- Your instructions -
Below, some lines carry pictures; leave those pictures out and retype exactly the lines from the one with "形態(tài)學(xué)鑒" through the one with "peinture de Jacob".

- Records for this task -
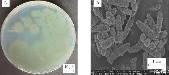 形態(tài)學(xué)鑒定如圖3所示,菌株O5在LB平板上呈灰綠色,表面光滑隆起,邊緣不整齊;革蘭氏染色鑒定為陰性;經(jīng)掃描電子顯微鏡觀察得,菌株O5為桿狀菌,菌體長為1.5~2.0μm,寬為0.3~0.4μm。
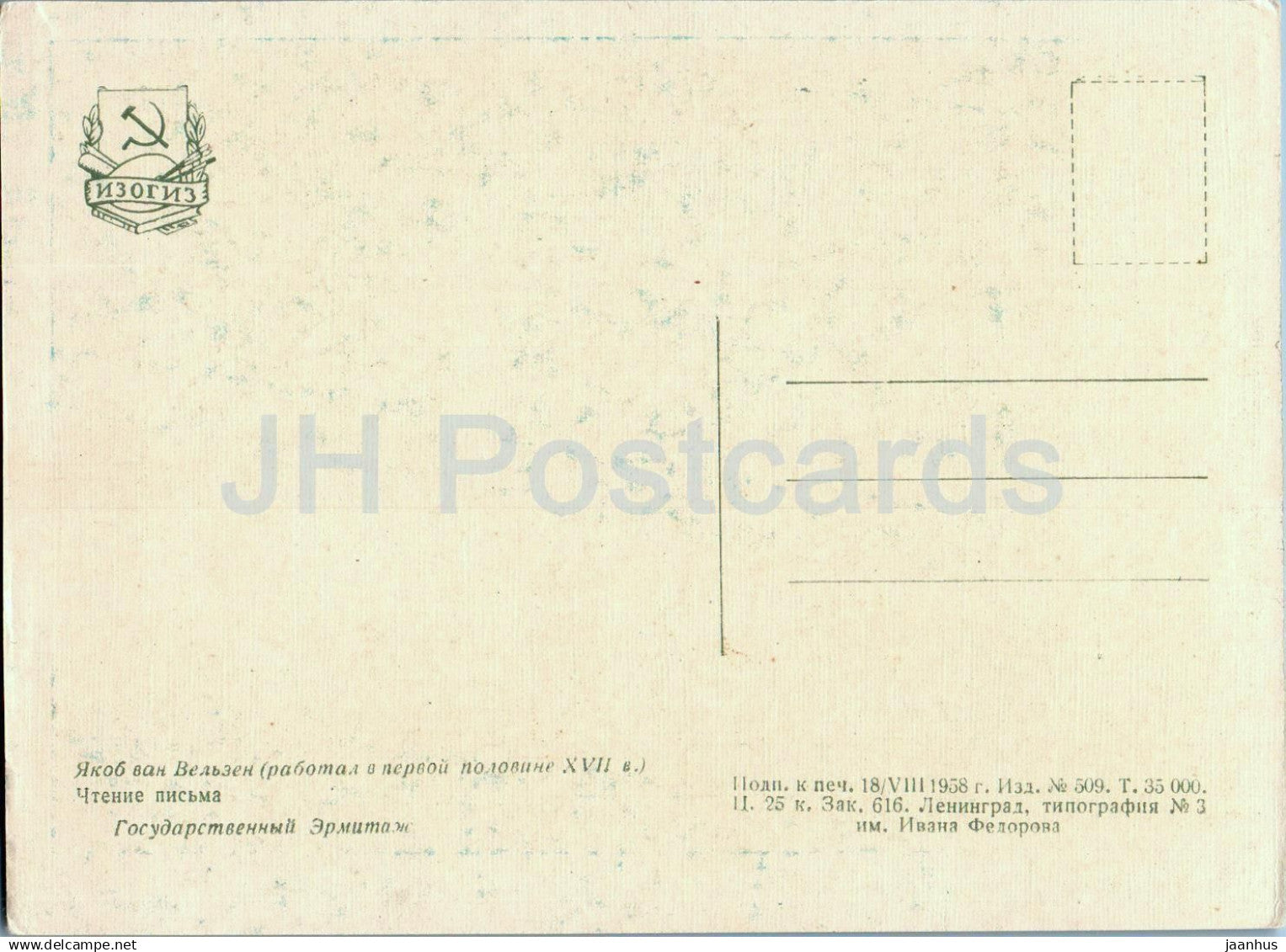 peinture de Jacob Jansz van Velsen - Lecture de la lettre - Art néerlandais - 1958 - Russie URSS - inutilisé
* * *
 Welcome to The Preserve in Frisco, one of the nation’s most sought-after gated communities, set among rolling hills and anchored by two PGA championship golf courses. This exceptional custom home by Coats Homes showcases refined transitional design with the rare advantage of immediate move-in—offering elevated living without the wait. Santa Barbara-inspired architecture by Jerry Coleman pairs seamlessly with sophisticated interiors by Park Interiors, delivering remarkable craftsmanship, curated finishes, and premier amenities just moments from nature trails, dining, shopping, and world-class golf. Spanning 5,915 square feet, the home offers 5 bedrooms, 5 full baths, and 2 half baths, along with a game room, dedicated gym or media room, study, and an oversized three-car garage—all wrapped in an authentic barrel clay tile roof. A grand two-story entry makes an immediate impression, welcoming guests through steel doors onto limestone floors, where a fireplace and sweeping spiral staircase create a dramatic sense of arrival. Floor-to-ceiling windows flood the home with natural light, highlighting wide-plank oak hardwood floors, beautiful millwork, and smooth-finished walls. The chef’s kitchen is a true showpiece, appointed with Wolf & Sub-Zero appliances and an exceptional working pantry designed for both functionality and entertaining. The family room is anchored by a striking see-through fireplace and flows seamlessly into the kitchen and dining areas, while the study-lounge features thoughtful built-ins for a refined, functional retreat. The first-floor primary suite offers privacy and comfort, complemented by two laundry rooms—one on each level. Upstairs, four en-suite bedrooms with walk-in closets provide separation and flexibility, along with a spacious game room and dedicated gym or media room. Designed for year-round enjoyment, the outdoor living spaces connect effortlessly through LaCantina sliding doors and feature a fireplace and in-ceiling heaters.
---
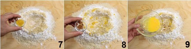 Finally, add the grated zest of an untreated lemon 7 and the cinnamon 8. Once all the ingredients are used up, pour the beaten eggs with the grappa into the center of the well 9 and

- Exercise response -
 形態(tài)學(xué)鑒定如圖3所示,菌株O5在LB平板上呈灰綠色,表面光滑隆起,邊緣不整齊;革蘭氏染色鑒定為陰性;經(jīng)掃描電子顯微鏡觀察得,菌株O5為桿狀菌,菌體長為1.5~2.0μm,寬為0.3~0.4μm。
 peinture de Jacob Jansz van Velsen - Lecture de la lettre - Art néerlandais - 1958 - Russie URSS - inutilisé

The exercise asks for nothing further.